We meet Hamnet straight away. Initially, it is his sister, Judith, who is ill. But with our foreknowledge, we can see that what ails her is the plague, and we know that Hamnet is the one who dies - so even as we warm to this kind and gentle boy, we know that he doesn't have long left. He searches for someone to help his sister, but can't find his mother - the only person around is his abusive grandfather.

The focus then switches to Agnes, who is out gathering herbs. We learn through flashbacks the story of her relationship with Will, touching down from time to time with Hamnet and Judith back in Stratford. It's heartbreaking and rivetting. When Hamnet dies, and Will returns, she cannot believe it when he tells her he will return almost straight away to London: she is understandably furious with him.
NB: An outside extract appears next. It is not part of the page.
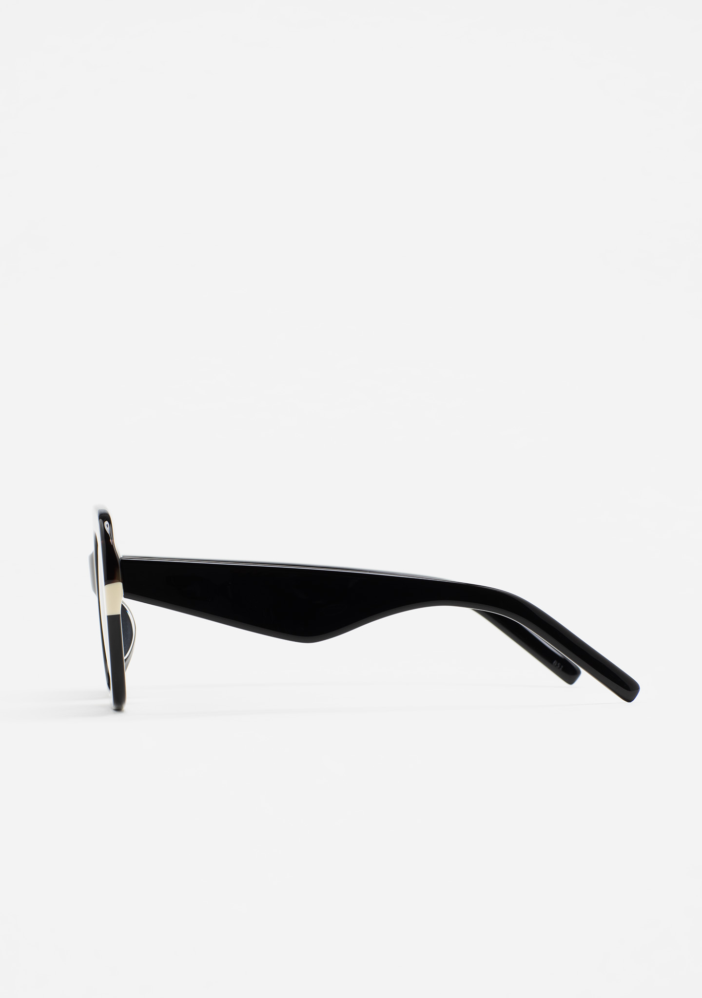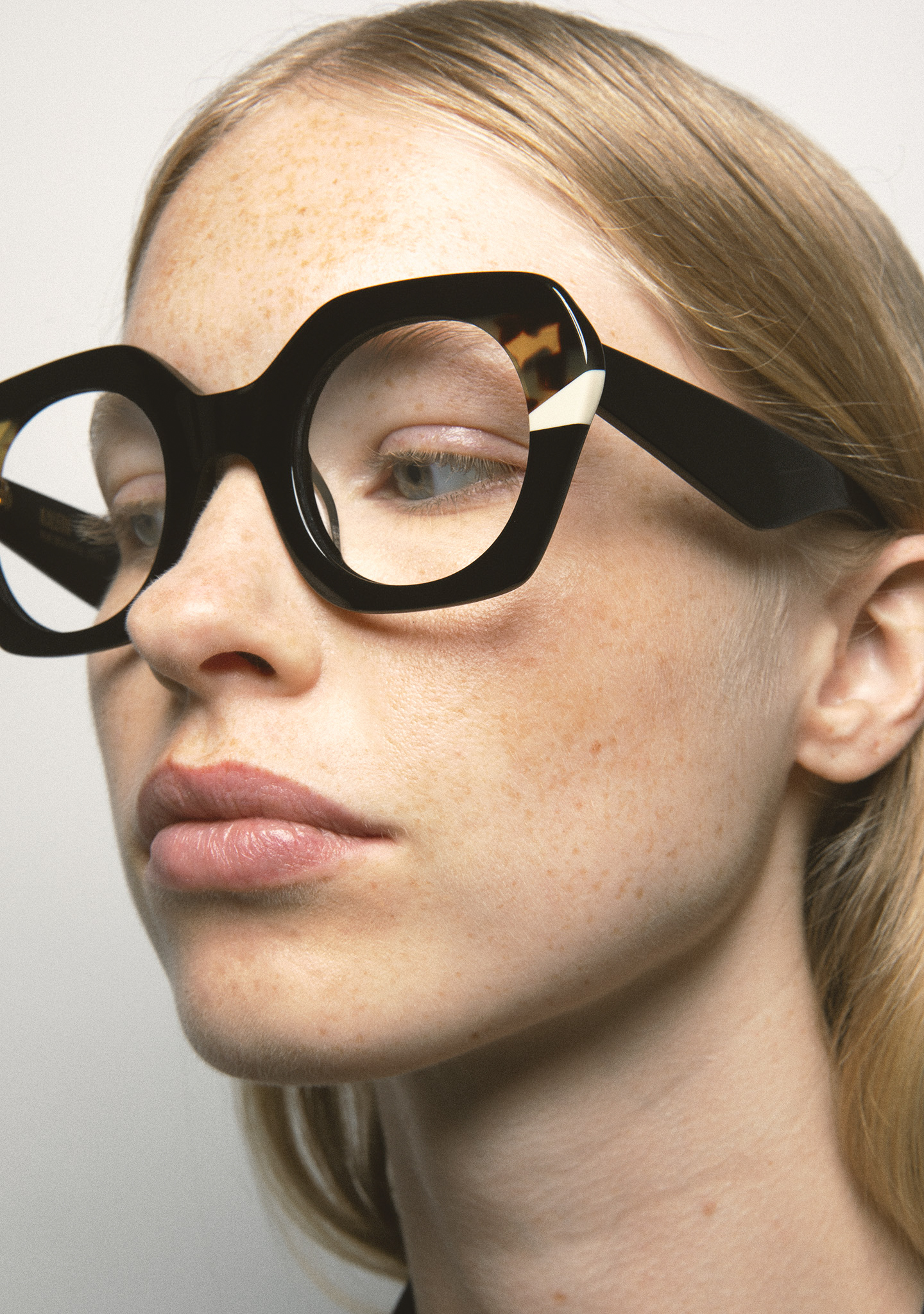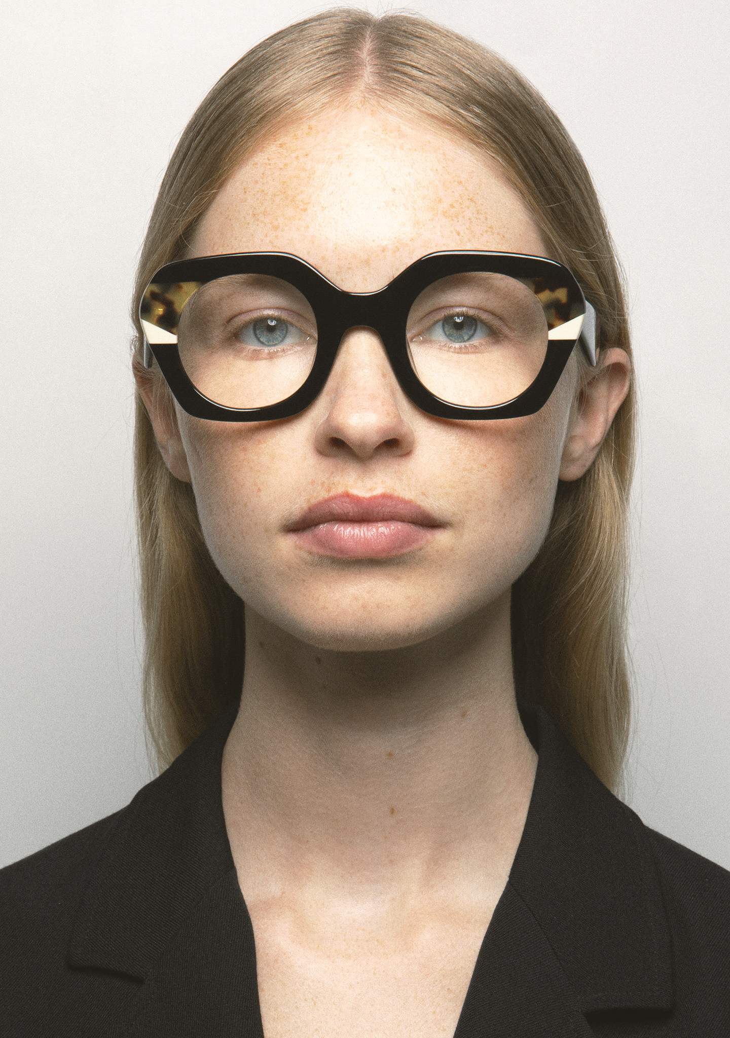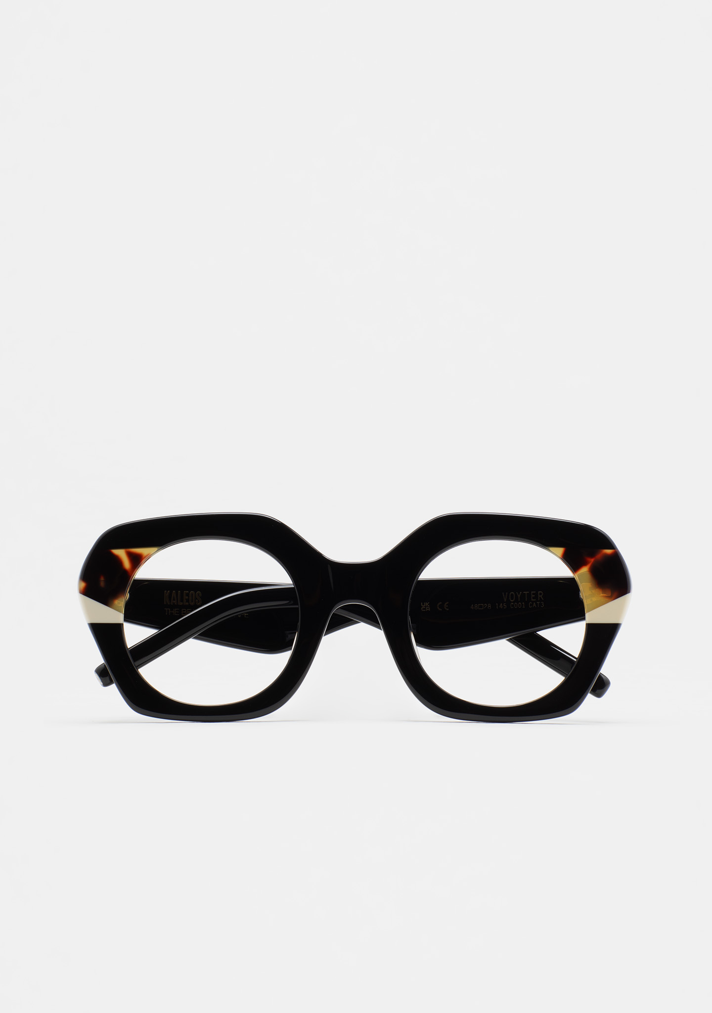 Lunettes de vue hexagonales. Frontal en acétate noir avec double laminage havane marron et blanc. Branches en acétate noir. Plaquettes fixes. Fait main.

The way that Maggie O'Farrell resolves this, through the medium of the play, Hamlet, is a quite extraordinary piece of writing.

I'll read this book again. It is quite beautiful.

Tuesday 1 September 2020

CUTTING FOR STONE - Abraham Verghese

First of all, an apology: I read this book some weeks ago. I always intend my thoughts down straight away, but what usually happens is that I pick up the next book - and the next - and get involved in that, and so it goes. Then, by the time I get round to a review, I've forgotten the details and can only do a broad-brush review. Still, on we go!
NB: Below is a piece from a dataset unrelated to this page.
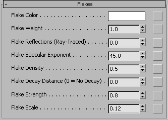 이 롤아웃을 사용하여 모든 자동차 페인트 매개변수에 맵이나 셰이더를 할당할 수 있습니다. 매개변수가 처음 나타나는 롤아웃에 맵과 셰이더를 할당할 수도 있습니다. 이 롤아웃의 중요한 특징은 맵을 제거하지 않고도 확인란을 사용하여 매개변수 셰이더를 토글할 수 있다는 것입니다.
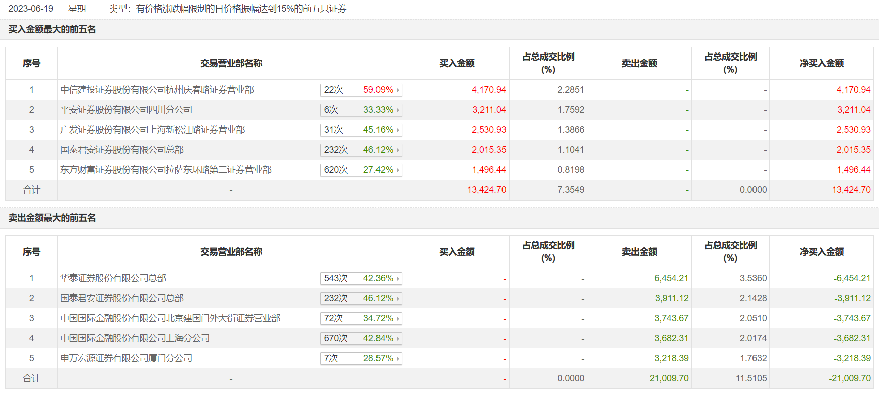 具体来看,华泰证券总部、国泰君安证券总部分别卖出6454.21万元、3911.12万元;中信建投证券杭州庆春路证券营业部、平安证券四川分公司分别买入4170.94万元、3211.04万元。

This book is set in Ethiopia. It's big - 533 pages - and it's big also in ambition and sweep. At the centre of it is a family story. In the year 1954, twin boys, Marion and Shiva, are born to a Carmelite nun, Sister Mary Joseph Praise, in the hospital where she is a nurse, in Addis Ababa. It is a highly unusual birth: firstly, because she is a nun; secondly, because no-one had realised she was pregnant; thirdly, because the father, a brilliant surgeon named Thomas Stone, had absolutely no idea that he had even slept with Sister Mary. He loves her, but he doesn't realise it till he realises he is about to lose her - she doesn't survive the birth. Distraught, he disappears, so the twins are affectively orphans.

However, they are brought up by loving stand-in parents: Hema and Ghosh, both doctors at the hospital. Characterisation is one of the many strong points of the novel: there's a whole cavalcade of beautifully realised characters, eccentric, strong-willed, generous, funny - and these two head the procession.

Not unnaturally, living at a hospital and born of two medical people, the twins also become devoted to medecine. Marion narrates the book, and is a very different character from his brother, who has something other-worldly and mystical about him: Marion is hard-working and practical - though he too has his dreams.

Underlying the family story, though, there are two other preoccupations. One is medecine. Born and brought up in Ethiopia of Indian parents, Abraham Verghese is an eminent American physician, and he writes at considerable length in this book about surgical procedures and new ideas in treatments. I must admit I skimmed some of these - but he writes beautifully about them, and I am lost in admiration for someone who can at the same time have eminent careers as both a devoted physician and a brilliant writer.

The other story he tells is about Ethiopia. Many years ago I flew with Ethiopian Airlines to Tanzania, changing planes in Addis, and I remember looking at the flight attendants and thinking what stunningly beautiful people they were. I know Ethiopia produces outstanding long-distance runners, and I've wondered sometimes why Rastafarians revere Haile Selassie, the former president of Ethiopia - but that, until recently, was pretty much the sum of my knowledge about it. This book told me a great deal more, and by one of those serendipitous moments, there was a recent documentary on BBC4 which added to the picture.

Altogether, a tremendous, absorbing read, with the added extra that it took me to places of which I knew very little.